Available records ->
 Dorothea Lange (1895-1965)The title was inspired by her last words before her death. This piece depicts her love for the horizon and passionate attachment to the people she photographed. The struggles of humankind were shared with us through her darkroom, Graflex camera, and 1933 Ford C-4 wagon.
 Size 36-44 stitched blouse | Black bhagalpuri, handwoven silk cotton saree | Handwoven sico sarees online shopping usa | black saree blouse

==

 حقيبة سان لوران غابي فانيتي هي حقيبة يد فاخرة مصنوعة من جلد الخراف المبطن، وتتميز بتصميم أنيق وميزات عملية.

Exercise objective -> Output the lines of the records above exactly as they appear, from the line containing "Dorothea Lange (1895-1965)The" through the line containing "Size 36-44 stitched".

Expected answer ->
 Dorothea Lange (1895-1965)The title was inspired by her last words before her death. This piece depicts her love for the horizon and passionate attachment to the people she photographed. The struggles of humankind were shared with us through her darkroom, Graflex camera, and 1933 Ford C-4 wagon.
 Size 36-44 stitched blouse | Black bhagalpuri, handwoven silk cotton saree | Handwoven sico sarees online shopping usa | black saree blouse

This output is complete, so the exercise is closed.